Marcos Cordoba1, Stephanie Andriole, Shara M Evans, David Britt, Melissa Chu Lam, Mark I Evans.   

Abstract

OBJECTIVES: The explosion in genetic technologies, including array comparative genomic hybridization (aCGH), has increased the complexity of genetic counseling. We now offer chorionic villus sampling (CVS) and aCGH to all first-trimester patients, as this allows the prenatal diagnosis of an additional 1% of anomalies not otherwise detectable and can detect genetic copy number variants at a much higher resolution than conventional cytogenetics. Here, we explored some of the determinants of how patients are deciding to use or not use this new technology and evaluate risk-benefit analyses for that decision.
METHODS: This is a retrospective case-control study of singleton and multiples pregnancies at our center. Those having aCGH testing along with CVS were defined as 'testers' and those who declined aCGH but had the CVS were 'nontesters'.

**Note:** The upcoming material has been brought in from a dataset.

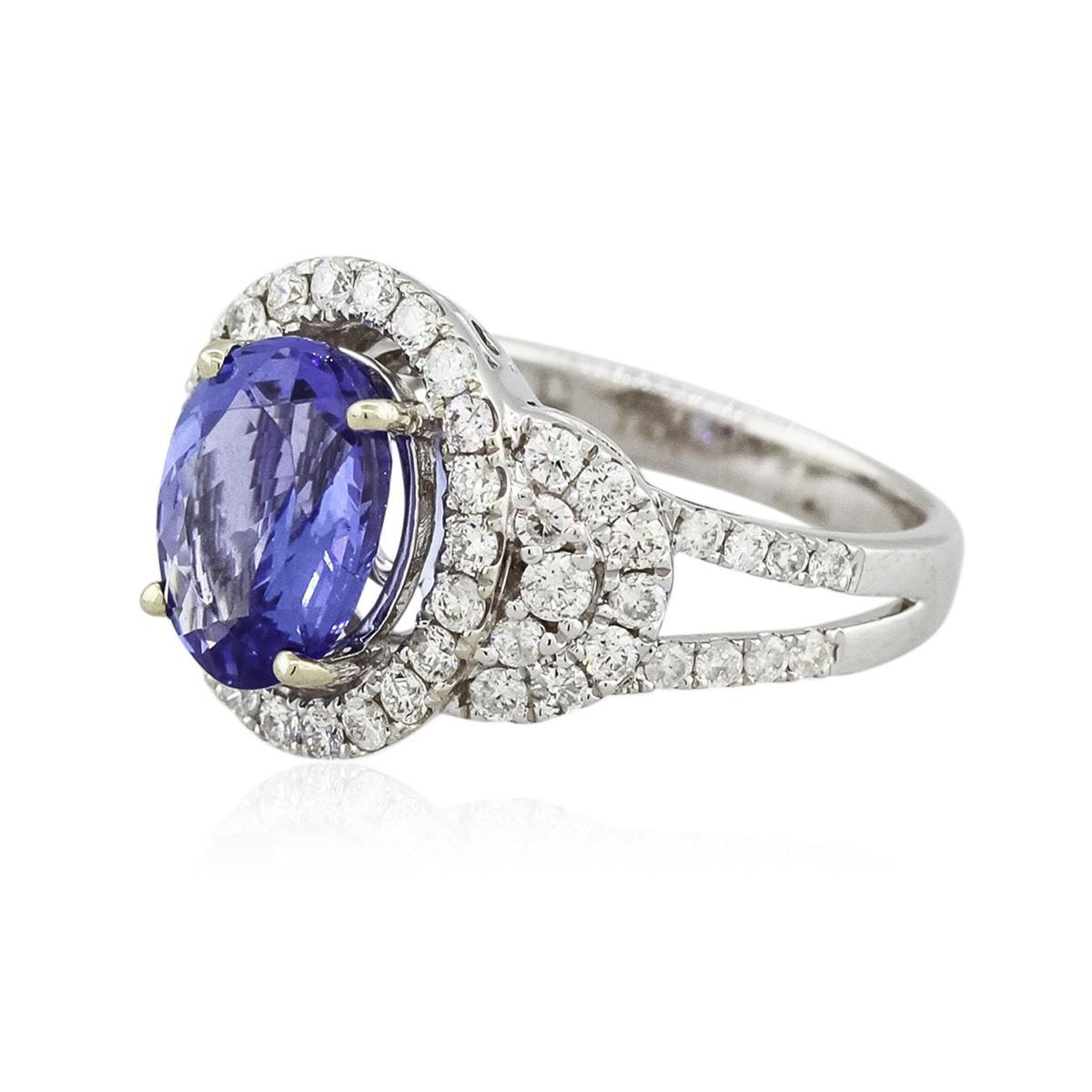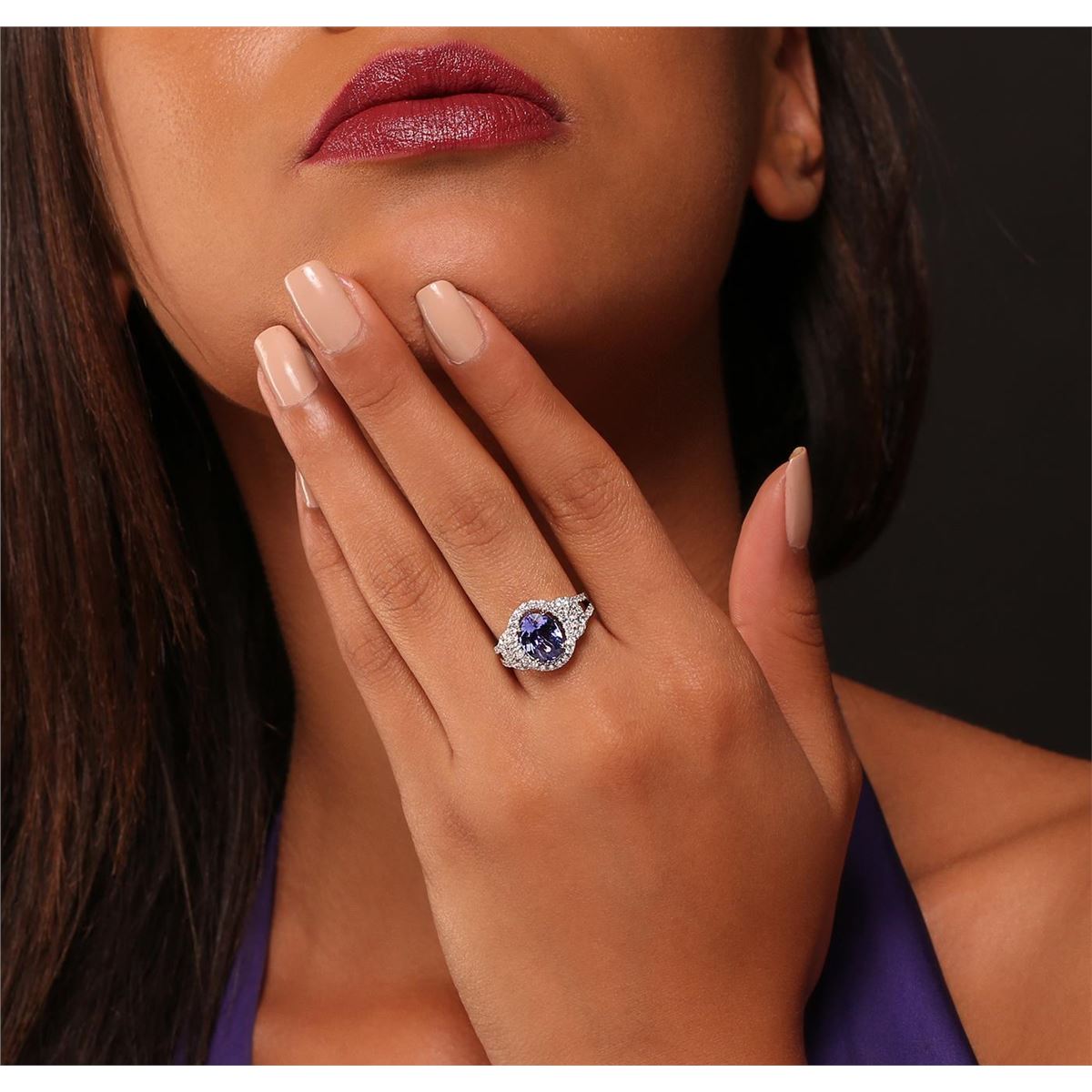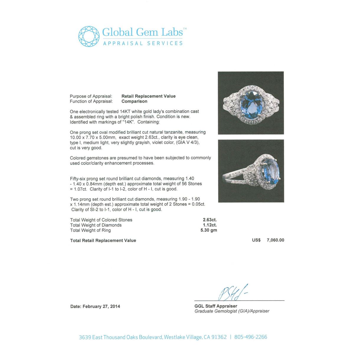 One electronically tested 14KT white gold Ladies combination cast & assembled ring with a bright polish finish. Condition is new. Identified with markings of "14K". Containing: One prong set oval modified brilliant cut natural tanzanite, measuring 10.00 x 7.70 x 5.00mm, exact weight 2.63ct., clarity is eye clean, type I, medium light, very slightly grayish, violet color, (GIA V 4/3), cut is very good. Colored gemstones are presumed to have been subjected to commonly used color/clarity enhancement processes. Fifty-Six prong set round brilliant cut diamonds, measuring 1.40 - 1.40 x 0.84mm (depth est.) approximate. Total Weight of 56 Stones = 1.07ct. Clarity: I-1 to I-2. Color: H - I, Cut is Good. Two prong set round brilliant cut diamonds, measuring 1.90 - 1.90 x 1.14mm (depth est.) approximate. Total Weight of 2 Stones = 0.05ct. Clarity: SI-2 to I-1. Color: H - I, Cut is Good. Total Weight of Colored Stones 2.63ct. Total Weight of Diamonds 1.12ct. Total Weight of Ring 5.30 grams. GGL Appraised at $7,060.00.

RESULTS: Demographic data of 181 educated women who chose CVS were compared. Among those carrying singletons (n = 144), older women, defined as over 35 years of age (or 'advanced maternal age'; AMA), were more likely to choose the aCGH than younger women. Further, women who had a prior history of genetic testing and who wanted to know the gender of the fetus were more likely to choose the aCGH test. In women carrying multiples (n = 37), AMA ceases to be a predictor of choice. Having had prior genetic counseling remains a strong predictor for choosing aCGH, as does wanting to know the gender of the fetus. Neither prior abortions nor having prior children were significant for women carrying singletons or multiples.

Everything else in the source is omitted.